(Records for this exercise Opens)

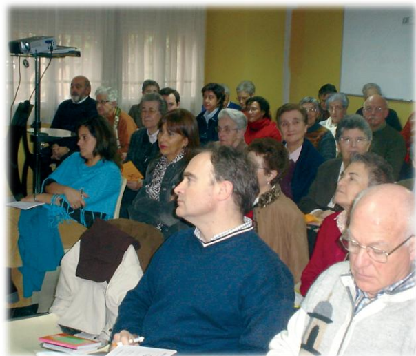
Los asistentes siguieron con atención las ponencias.

En España, tanto inmigrantes regulares como irregulares, son titulares de los derechos a la educación y la sanidad gratuitas así como de los derechos sociales básicos. Gozando además los regulares de un régimen de derechos sociales y económicos teóricamente equivalentes al de los españoles. Sin embargo, obstáculos, trabas y requisitos a veces visibles a veces invisibles vulneran derechos fundamentales de los inmigrantes regulares como el de poderse agrupar con los suyos, el del derecho a la intimidad de los datos personales, el de la posibilidad de cambiar de sector laboral fácilmente 4 .
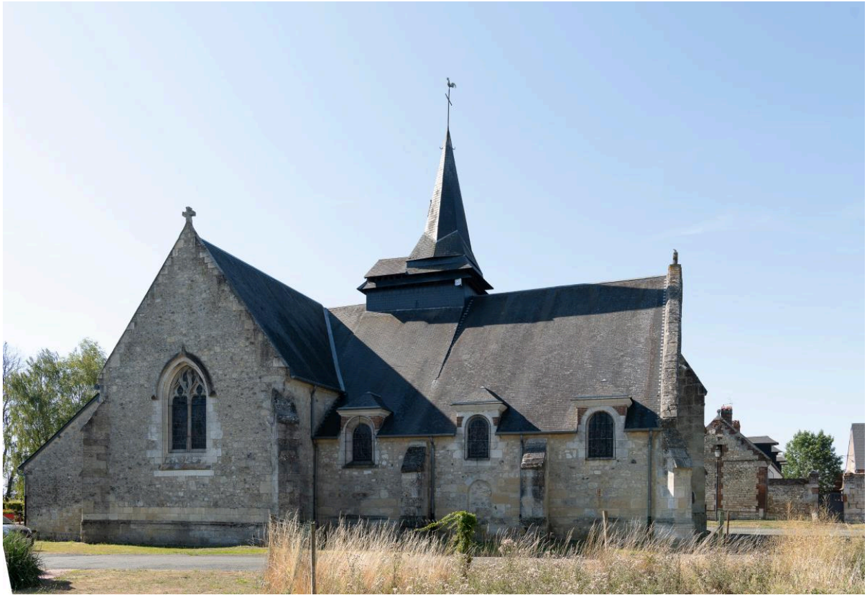
Vue extérieure depuis le nord.
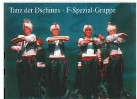
Tanz der Dschinnn - F-Spezial-Gruppe
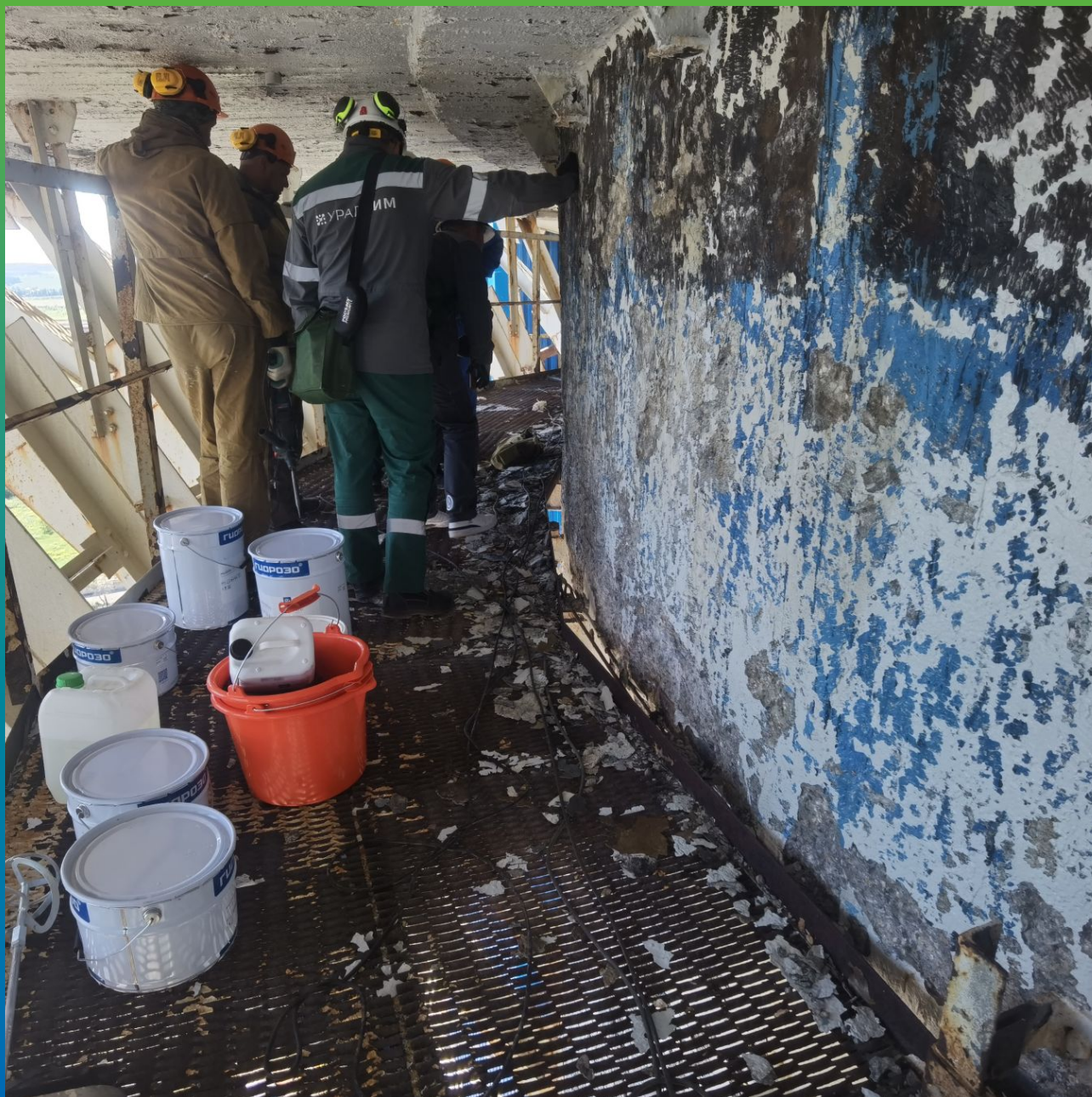
Подготовка поверхности путем отбивки непрочных участков конструкции
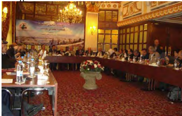
Слева: Мустафа Баргути на встрече в Бейруте (вебсайт GM2J , 24 января 2012). Справа: встреча в Бейруте (страница GMJ в Facebook , 22 января 2012).
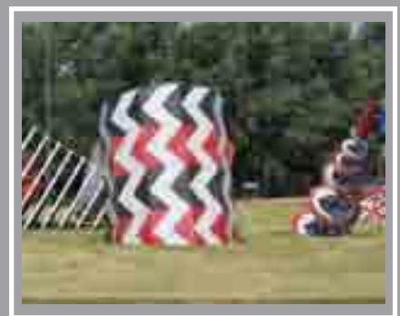
Tirnod Cylchdro Ffordd Windsor Pierre Vivant, 1992

(Records for this exercise Closes)

__Activity__
Retype each line above exactly and leave out any picture.

__Answer to this problem__
Los asistentes siguieron con atención las ponencias.

En España, tanto inmigrantes regulares como irregulares, son titulares de los derechos a la educación y la sanidad gratuitas así como de los derechos sociales básicos. Gozando además los regulares de un régimen de derechos sociales y económicos teóricamente equivalentes al de los españoles. Sin embargo, obstáculos, trabas y requisitos a veces visibles a veces invisibles vulneran derechos fundamentales de los inmigrantes regulares como el de poderse agrupar con los suyos, el del derecho a la intimidad de los datos personales, el de la posibilidad de cambiar de sector laboral fácilmente 4 .
Vue extérieure depuis le nord.
Tanz der Dschinnn - F-Spezial-Gruppe
Подготовка поверхности путем отбивки непрочных участков конструкции
Слева: Мустафа Баргути на встрече в Бейруте (вебсайт GM2J , 24 января 2012). Справа: встреча в Бейруте (страница GMJ в Facebook , 22 января 2012).
Tirnod Cylchdro Ffordd Windsor Pierre Vivant, 1992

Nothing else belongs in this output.